Before I go, just wanna know who dumped me in the sea

Down comes the wall, and I recall the guilty one is me

I needed a good challenge, was gettin’ really bored

And that’s when I remembered that I brought along my sword

I yelled out to the sharks and said “Come get me if ya wanna!”
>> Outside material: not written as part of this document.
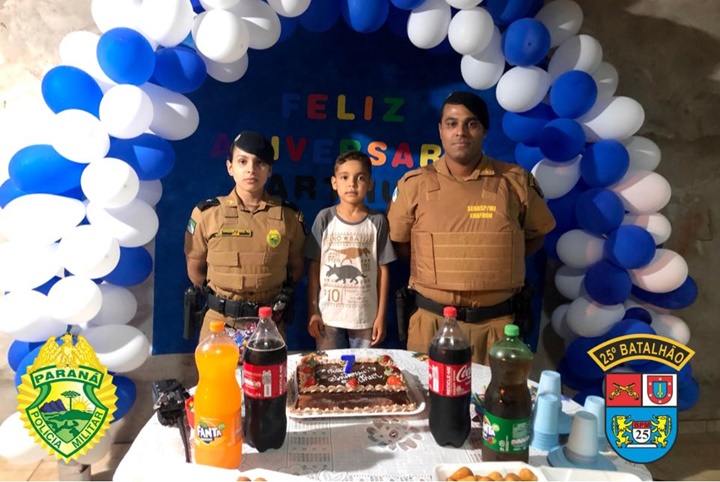 Um menino de Umuarama que é admirador da Polícia Militar (PM) teve a grata surpresa de contar com a presença de dois integrantes do 25º Batalhão (BPM) em sua comemoração.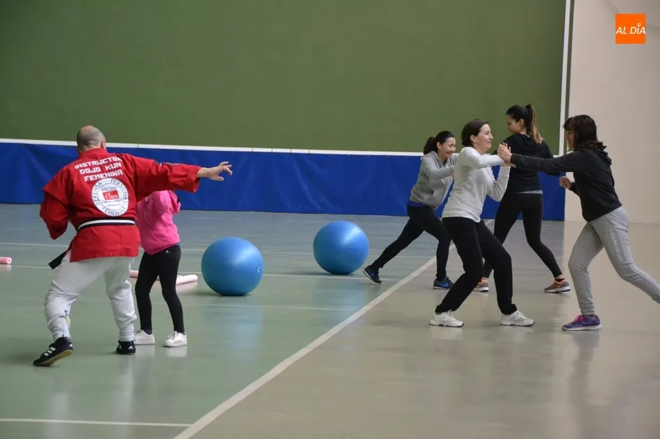 A lo largo de la mañana del sábado se desarrolló en el frontón cubierto del Pabellón Eladio Jiménez la primera de las tres sesiones de autoprotección y defensa personal para mujeres que han promovido para este curso 2018/2019 las concejalías de Deportes e Igualdad del Ayuntamiento de Ciudad Rodrigo.

I reached into the pile of meat and pulled out my katana

The sharks leaped toward me all at once, I slashed in all directions

They each survived but every shark is missing several sections

A fin here, a tail there, I’m not that mean a guy

‘Just find it more effective than a mere punch in the eye

A shark-attack was all I needed just to calm my nerves

Now back to shore so I can find that chick with all them curves

  

  

"Saggy Maggie" - ©2008

  

This poem is an ode

To the ugliest bitch ever

I might sound like a jerk

But my words are so damn clever...

  

I don’t gotta know her

I don’t wanna either

She looks like a bear cub used her face for a teether

  

It HURTS to watch "Batman"

I’d rather eat squid

She looks like a walking, talking Garbage Pail Kid

  

Ah, the movie is ruined

I can’t bear to watch

She wouldn’t even look good after one quart of Scotch

  

Well, now we all know

Why The Joker went nuts

He stared at her too long and got emotional cuts

  

Like, just look at her face, Scoob

It’s starting to sag

So why is The Scarecrow the one wearing the bag?

  

In the scene where Bruce kissed her

I had to rewind

’Cause I swore I heard him muttering "Thank GOD bats are blind."

  

Two-Face stood alone there

When he got sad, and cried

But the audience jumped up and fuckin’ cheered when she died

  

She’s uglier than George, John, Ringo & Paul

Someone please throw a sheet over Maggie Gyllenhaal!